Véngase con nosotros porque va a estar bueno eso, pero, pa qu’este mejor, denos permiso de
balaciar los focos, de apagarlos a tiros... ande, que va a estar bueno...
62
- Pero muchachos, no sean guanajos: la seguridad pública, las señoras, ¿y si el jefe político
brinca?
- Es por Panchito.
- ¿Por Chico Pancho?
- Sí, que le hemos puesto Panchito Chapopote y hay que bautizarlo con tequila.
- Já, já, já, Panchito Chapopote, já, já, já. Está bueno eso.
- Va a estar mejor si rompemos los focos.
- Pero muchachos...
- Don Panchito Chapopote, señor, y miré, le llevamos gallo a...
- ¡Chist! Bueno, pues qué he de hacer, pero no lo digan a nadie. Y miren pa que estén contentos
les voy a regalar una caja de habanero.
- ¡Que viva el Señor Alcalde!
- ¡Qué viva Panchito Chapopote!
- ¡Paf!... un foco.
- ¡Paf! ¡Paf! ¡paf! ¡paf!
- A la saludo de Panchito va este...¡paf!
Voces de auxilio. Las mujeres tiemblan. Las jóvenes rezan. Comentarios absurdos por el pueblo.
- ¡Se ha levantado Panchito Chapopote!
- ¡Han matado a Panchito Chapopote!
- ¡Se raptó a Liboria!
- ¡Han matado al Alcalde!
- ¡Son los dorados!
- ¡No! ¡Son los Plateados!
- ¡Qué va, son los tiznados!
................................................................
- ¡Pif! ¡paf! ¡pif! ¡paf!
- ¡Que viva el Señor Alcalde!
- ¡Que viva mi cuate!
- No se oye la guitarra.
- Se juntan las guitarras. Los cantores insisten en su son.
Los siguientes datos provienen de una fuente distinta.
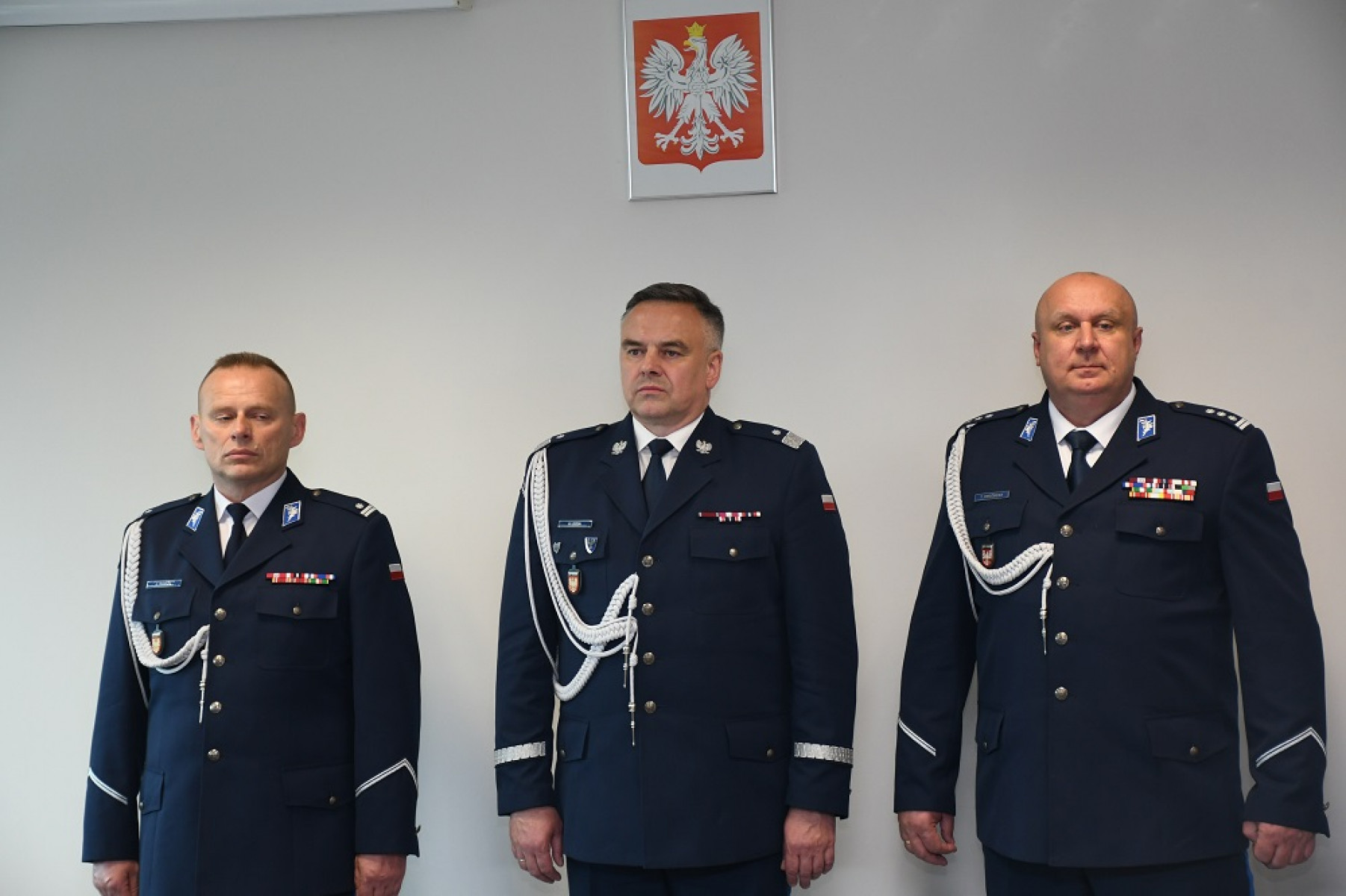 Nowo mianowany komendant powiatowy podinsp. Jacek Rosół z komendantami wojewódzkimi - nadinsp. Michałem Ledzionem i insp. Tomaszem Drożdżakiem
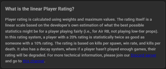 I mean I get you and I somewhat agree, but if person has, say, yellow SR1 and then I go check the vehicles he plays and hes 17 KD in Spitfire with 4k battles I know damn well to not ever cross his path even if his SR1 might be yellow. (fun story, just the other day I saw Tornado F.3 being played by someone named “Trigger” after the AC7 protagonist, I went in to check his profile for fun only to learn he had KD of 7 in said plane. my smile quickly turned into expression of horror).

...................................................................................
- ¡Que viva el Alcalde!
- ¡Arriba Panchito Chapopote!
- ¡Pif! ¡paf ¡pof! ¡puf!
Se acabaron los focos. El pueblo queda a oscuras. Los juerguistas le disparan sus pistolas a la
Luna. La Luna hace un guiño burlesco. Panchito le dispara muy serio un escopetazo de chapopote.
Desaparece la Luna entre las nubes, (año de chapopote). El cielo se encapota. La noche se nubla.
- ¡Pif! ¡paf! ¡pof! ¡puf!
63
- ¡Panchito ha apagado la Luna!
- ¡Viva Panchito chapopote!
Un poeta borracho, desde Francia:
-
¡Hé bonsoir la Lune!
Llega una caravana de gringos a caballo. Rumores extraordinarios llenan el pueblo.
Al frente de la caravana, un viejecito simpático: bigote blanco, recortado a la inglesa, casco de
corcho y ojos claros.
Junto a él, solícito y meloso, un licenciado, vestido de jaquette, zapatos negros y bombín.
Atrás, la guardia escolta:: soldados, sargento, coronel. – Sólo faltaba un cura para que estuviera
representado todo el país.
El gobierno de don Porfirio cuida al gringo. Teme que algo le pase al viejecito que busca petróleo.
Para él, era Tío Sam un bicho de cuidado.
Aún no descubría México el secreto. Habían de pasar muchos años, correr mucha sangre, para
que prendiera a reírse de él.
La caravana de gringos busca albergue.
En Tepetate no hay hotel. Tepetate se agita, las viejas se asoman. Manchas blancas de camisolas
alegran las casitas. Panchito Chapopote deja el cabo de pluma. Salta entre haces de zapupe,
arriesga la cara fuera de la puerta.
Todos buscan al alcalde. El alcalde no parece.
Un chusco:
- ¡Mi reino por un alcalde!
El alcalde se ha vuelto ojo de aguja.
- Ha d’estar en casa de l’Ulogia –apunta al gendarme. (El gendarme es Inspector General de
Policía).
- Acabáramos... – comenta.
Se va por el alcalde. Paso veloz: ¡a una!... un, dos; un, dos; un, dos...
Los pasos del gendarme hubieran resonado, de existir pavimento de asfalto y si usara zapatos. No
había asfalto, carecía de zapatos; su marcha veloz y marcial no tuvo el merecido lucimiento.
Llega el alcalde sudoroso y mohíno. El gringo ese, ese viejito, sería muy importante (Muy señor
mío y amigo), pero la Ulogia era mejor. A él, le gustaba más la Ulogia.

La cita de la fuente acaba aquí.